This study focuses on needs for a net-zero future, in which there will be significant constraints on the emission of fossil-derived CO₂ to the atmosphere, such as an explicit price on CO₂ or a limit on emissions. The committee considers opportunities and enabling environments for CO₂ utilization within this context, where there will be increased incentives for producing short-lived products in a circular carbon system, as well as for long-duration carbon storage, including in products (see Chapter 4). Applying constraints on CO₂ emissions to CO₂ utilization products or processes will require accounting for life cycle emissions of a CO₂ utilization process and the resulting product for compliance purposes. Products originally derived from a fossil feedstock could have end-of-life emissions associated with their use or degradation, and these emissions will need to be considered and managed. Emissions associated with enabling inputs such as electricity and hydrogen, transportation of CO₂ and CO₂-derived products, and any upstream or downstream processing may also impact the feasibility of certain CO₂ utilization pathways when total system emissions are constrained. Chapter 3 discusses life cycle assessment considerations for CO₂ utilization.

1.5 BRIEF REVIEW OF FIRST REPORT’S CONCLUSIONS

The committee’s first report (NASEM 2023) examined the state of CO₂ capture, utilization, transportation, and storage infrastructure and analyzed opportunities for investment in CO₂ utilization infrastructure to serve a net-zero future. It found that most of the existing infrastructure, which was developed for enhanced oil recovery, does not align with opportunities for sustainable (i.e., net-zero) CO₂ utilization. Thus, to evaluate future infrastructure opportunities, the committee first considered factors that would influence the extent of CO₂ utilization in a net-zero economy.

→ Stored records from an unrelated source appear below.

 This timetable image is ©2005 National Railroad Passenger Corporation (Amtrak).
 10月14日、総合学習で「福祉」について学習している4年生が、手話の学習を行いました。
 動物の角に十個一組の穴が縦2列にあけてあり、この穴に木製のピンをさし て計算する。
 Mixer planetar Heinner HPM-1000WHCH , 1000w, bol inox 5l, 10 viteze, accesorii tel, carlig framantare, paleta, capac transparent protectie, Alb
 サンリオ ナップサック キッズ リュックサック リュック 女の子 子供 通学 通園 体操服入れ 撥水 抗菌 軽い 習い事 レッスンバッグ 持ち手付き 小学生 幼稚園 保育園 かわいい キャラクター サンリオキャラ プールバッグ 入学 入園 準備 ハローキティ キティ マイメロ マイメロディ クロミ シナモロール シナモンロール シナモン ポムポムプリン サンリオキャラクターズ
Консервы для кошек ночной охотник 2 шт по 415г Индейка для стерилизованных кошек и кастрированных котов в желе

It found that the volume of CO₂ utilized will be driven by the market value of carbon-based products and competitiveness of CO₂ as a feedstock, as well as demand for services provided by carbon-based products; their relative cost compared to fossil-based products and other alternatives; availability of required inputs like clean hydrogen and clean electricity; and policy incentives and regulatory frameworks (Finding 3.10, NASEM 2023). As discussed above, another important consideration is the potential climate impact of the CO₂-derived product based on the CO₂ source, product lifetime, and any emissions associated with production, transportation, and use.

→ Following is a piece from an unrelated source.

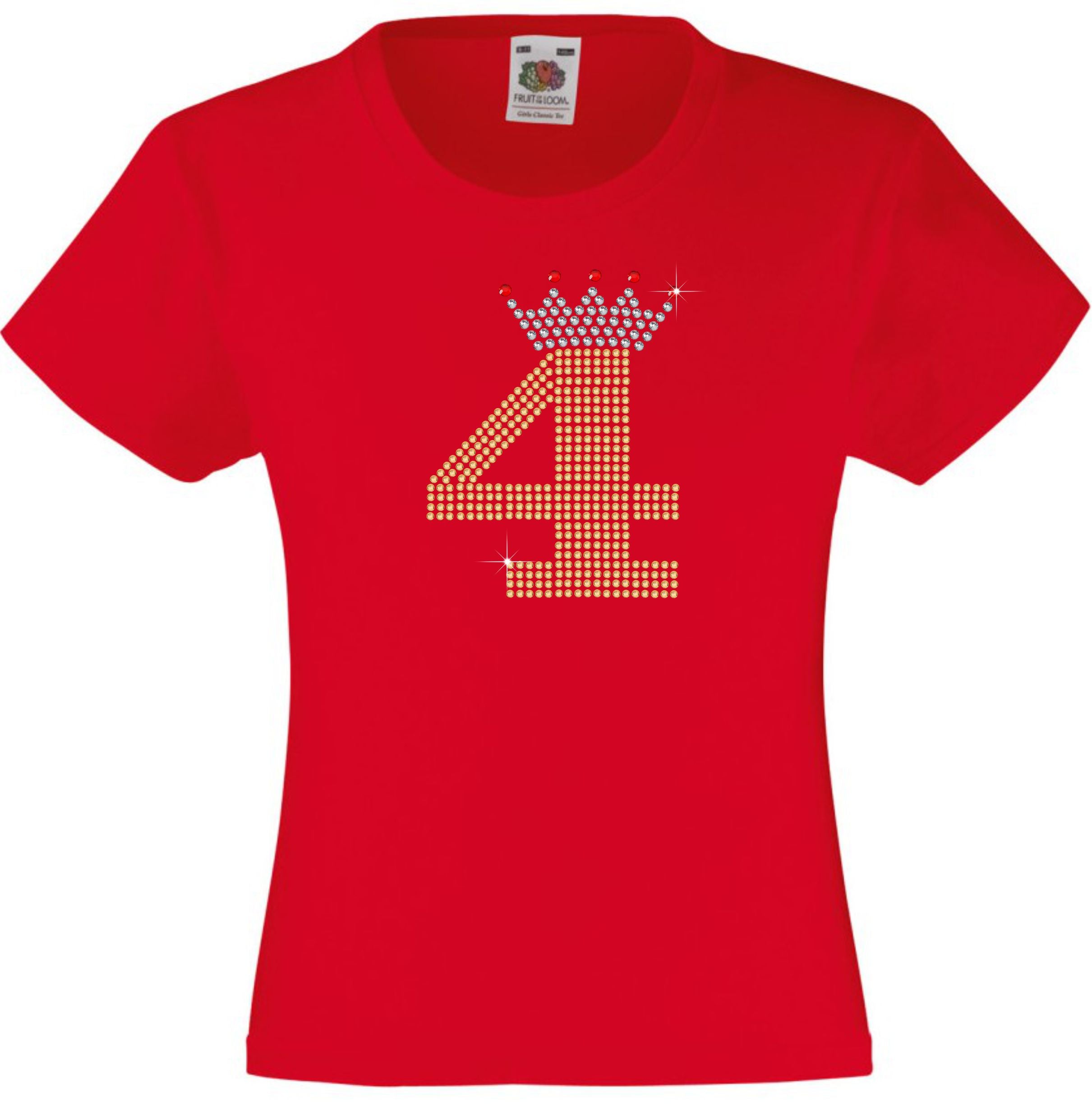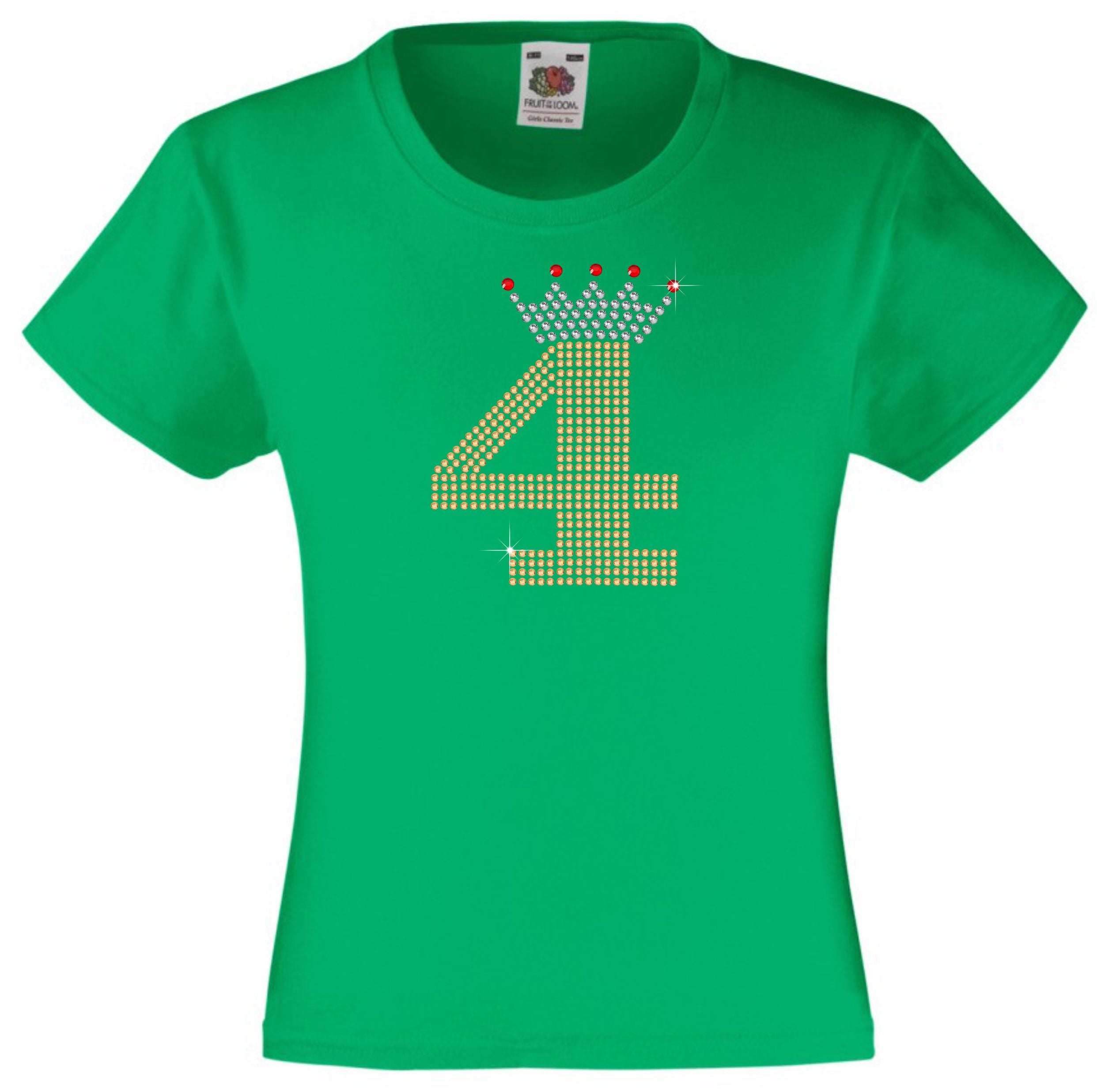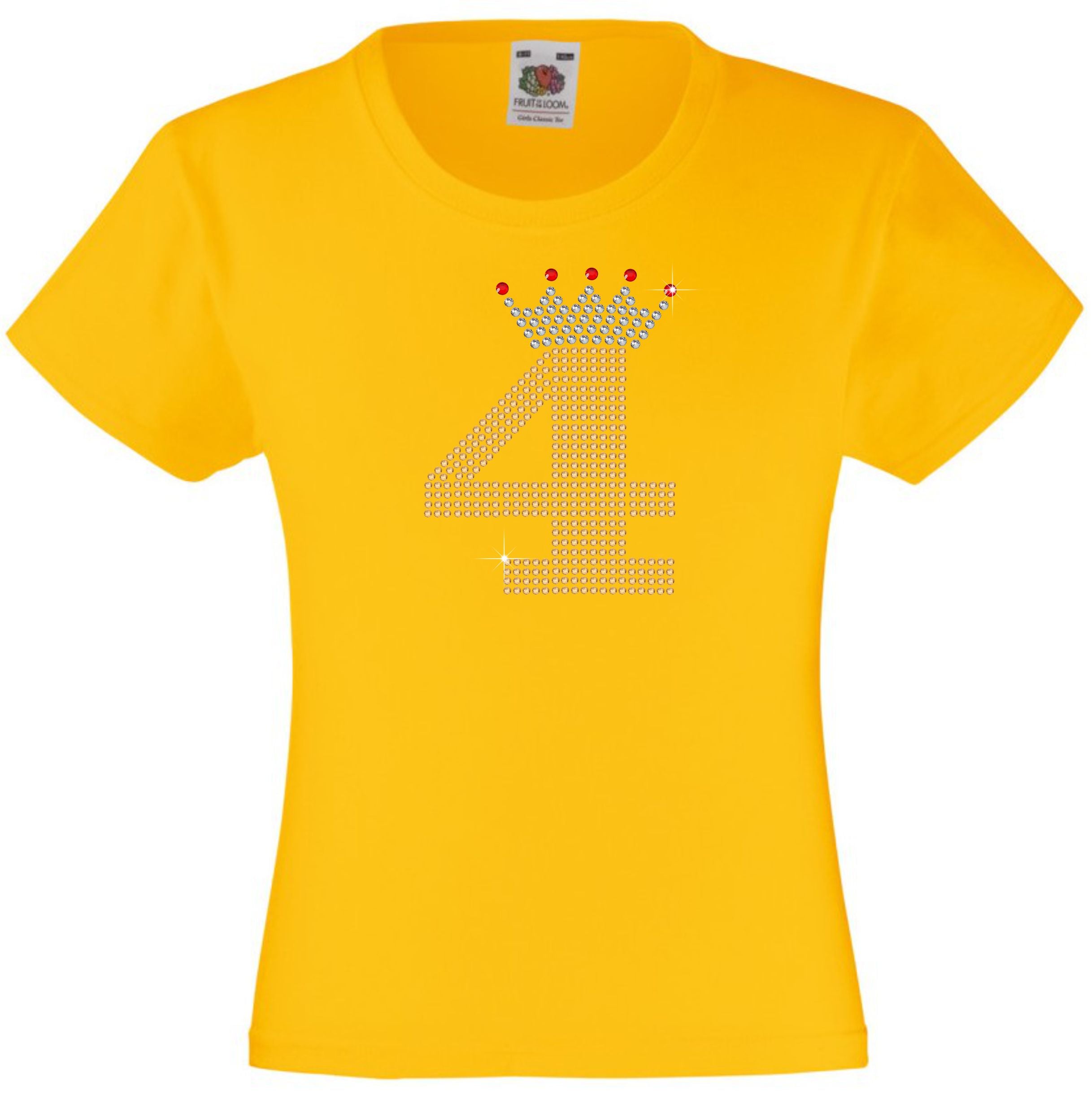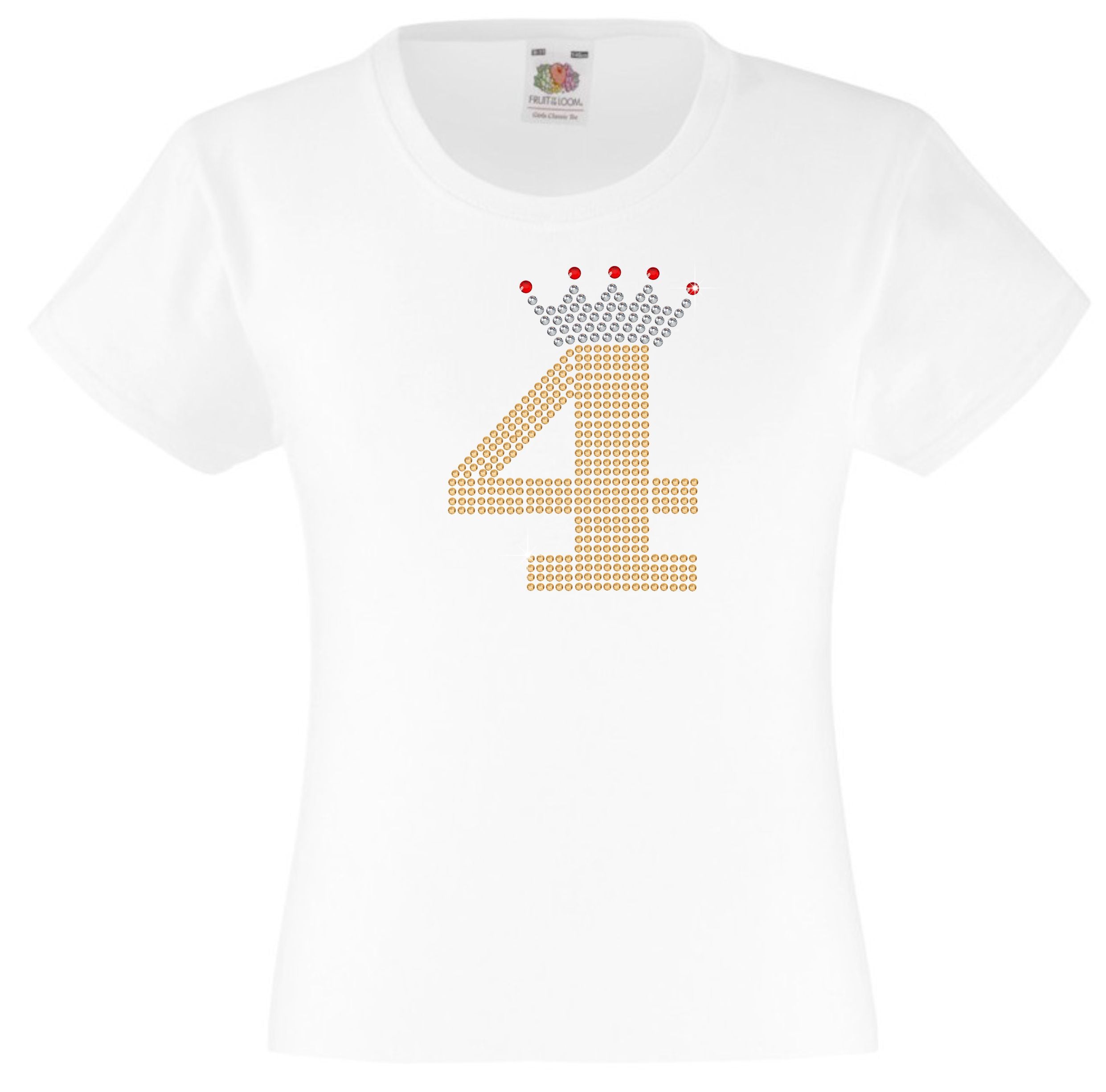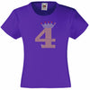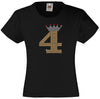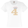 NUMBER 4 IN GOLD COLOUR WITH TIARA GIRLS T SHIRT, RHINESTONE EMBELLISHED BIRTHDAY T SHIRT, ELEGANT GIFT FOR THEIR BIG DAY

Considering these factors, the committee identified two priority near-term opportunities for CO₂ utilization infrastructure investment: (1) combining high-purity, low-cost CO₂ off-gas from bioethanol plants with clean hydrogen to make sustainable chemicals or fuels for heavy-duty transportation (e.g., shipping and aviation) and (2) mineralization using fossil or nonfossil CO₂ sources to generate mineral carbonates for construction materials, including concrete (Finding 6.1, NASEM 2023). It recommended strategies for infrastructure planning, such as co-locating CO₂ utilization with clean electricity, clean hydrogen, and other carbon management infrastructure; building in flexibility to connect CO₂ transport infrastructure to future utilization opportunities; and developing industrial clusters to manage large volumes of CO₂ without extensive pipeline networks and maintain jobs in regions with a large industrial presence (Recommendations 4.5, 6.2, 6.3, and 6.4, NASEM 2023). The committee also emphasized the importance of community engagement and equitable infrastructure development, recommending that regulatory agencies account for distributional impacts of CO₂ utilization projects, engage impacted communities early and throughout the project, and allow for alterations to project design and implementation (Recommendation 5.6, NASEM 2023). This report expands upon the findings and recommendations from the first report.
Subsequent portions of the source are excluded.